───── PROVIDED INFORMATION

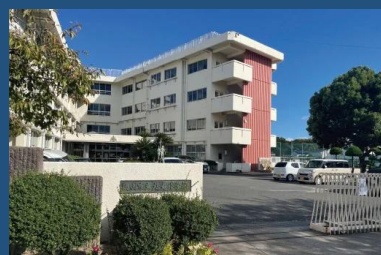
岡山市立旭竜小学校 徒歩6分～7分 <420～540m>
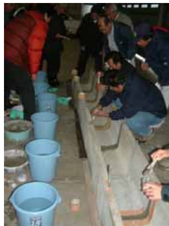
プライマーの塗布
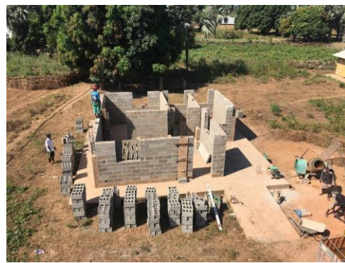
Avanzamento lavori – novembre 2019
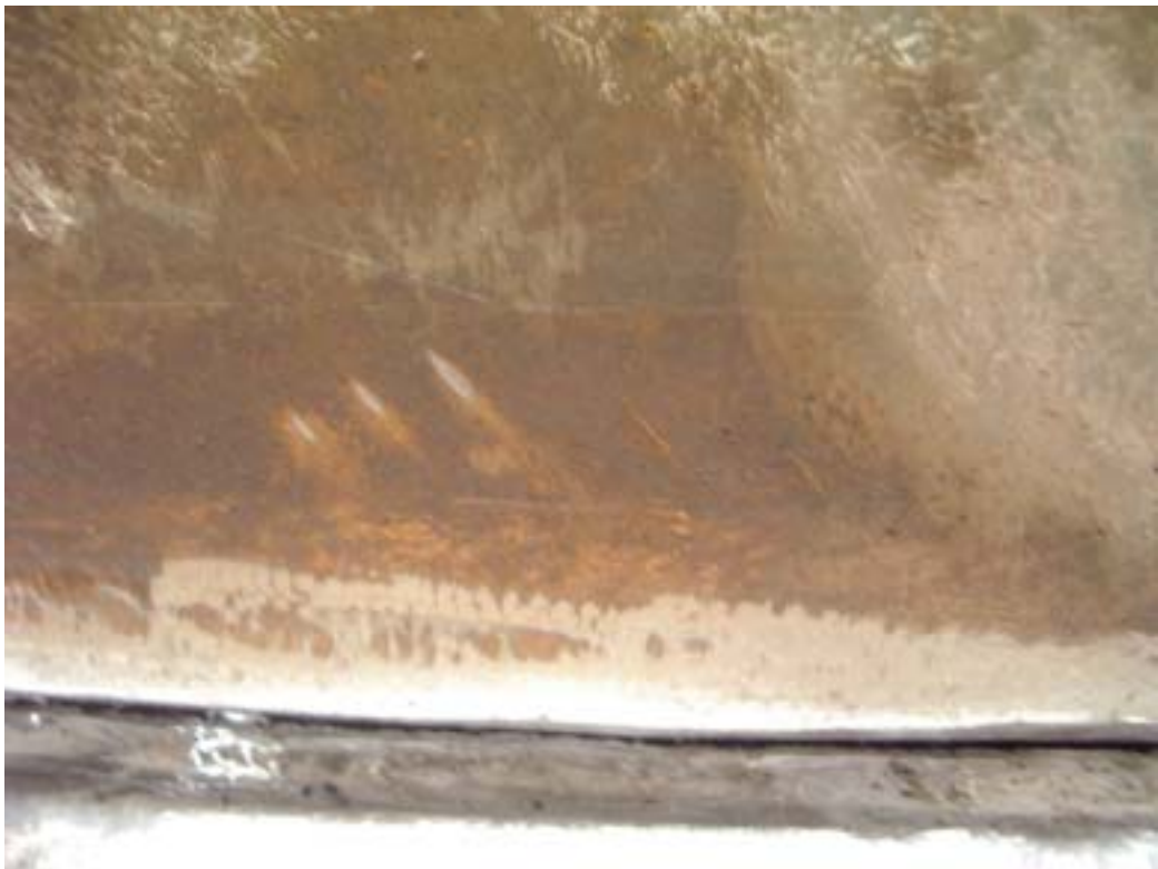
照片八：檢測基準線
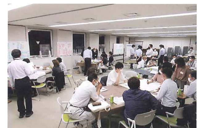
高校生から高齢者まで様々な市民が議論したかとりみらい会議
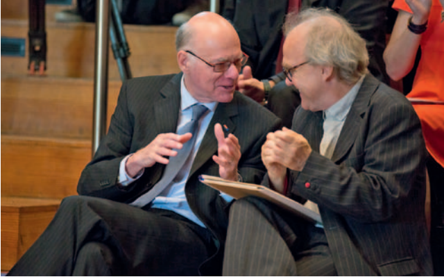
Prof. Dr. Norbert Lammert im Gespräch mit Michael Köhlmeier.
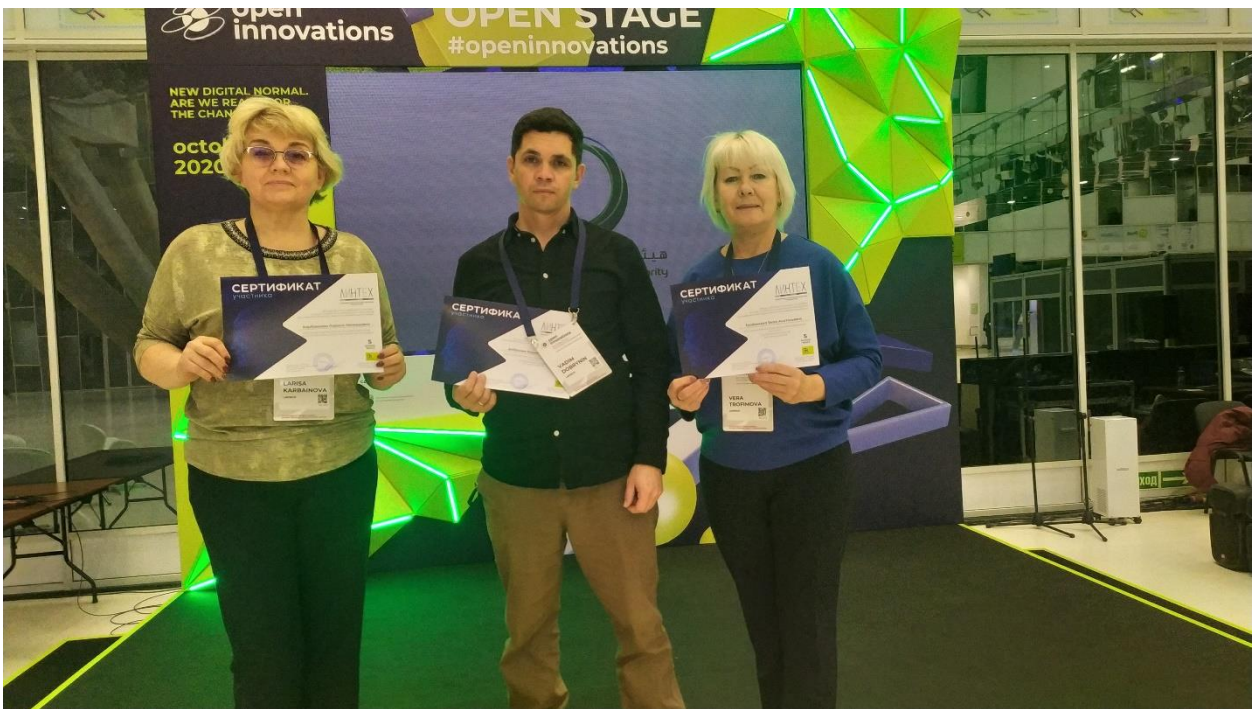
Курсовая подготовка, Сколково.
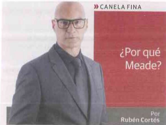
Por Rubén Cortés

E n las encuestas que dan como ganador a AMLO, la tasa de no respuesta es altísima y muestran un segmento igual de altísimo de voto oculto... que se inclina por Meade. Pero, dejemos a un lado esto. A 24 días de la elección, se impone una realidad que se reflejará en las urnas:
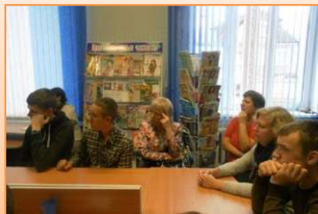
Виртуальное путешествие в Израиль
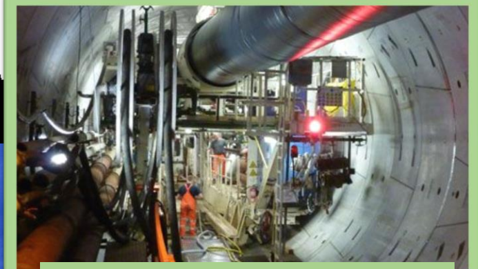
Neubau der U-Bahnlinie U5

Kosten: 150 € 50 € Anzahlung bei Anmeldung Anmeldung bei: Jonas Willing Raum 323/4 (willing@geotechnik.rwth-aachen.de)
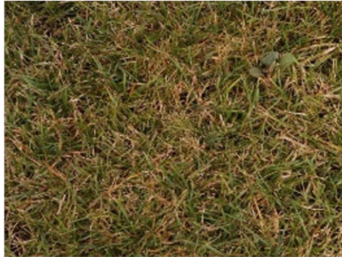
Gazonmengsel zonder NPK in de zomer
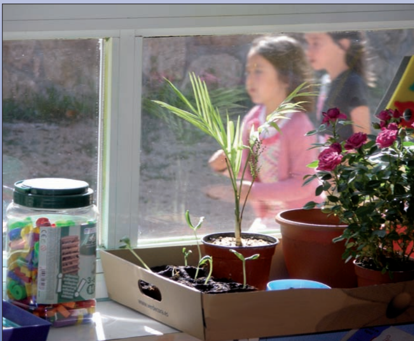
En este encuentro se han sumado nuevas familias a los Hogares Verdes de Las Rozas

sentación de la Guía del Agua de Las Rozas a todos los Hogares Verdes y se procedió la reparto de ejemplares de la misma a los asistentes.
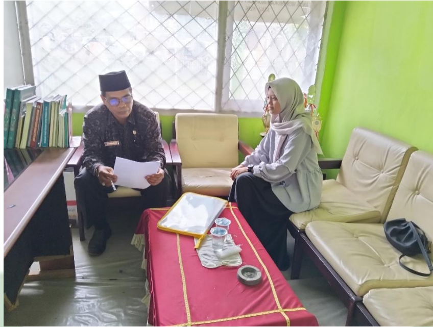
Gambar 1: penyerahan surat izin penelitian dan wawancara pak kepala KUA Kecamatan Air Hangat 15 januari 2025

──────────

WHAT IS REQUIRED
Wherever the word "Rozas" appears in the entries above, copy that line.

ANSWER SPACE
En este encuentro se han sumado nuevas familias a los Hogares Verdes de Las Rozas
sentación de la Guía del Agua de Las Rozas a todos los Hogares Verdes y se procedió la reparto de ejemplares de la misma a los asistentes.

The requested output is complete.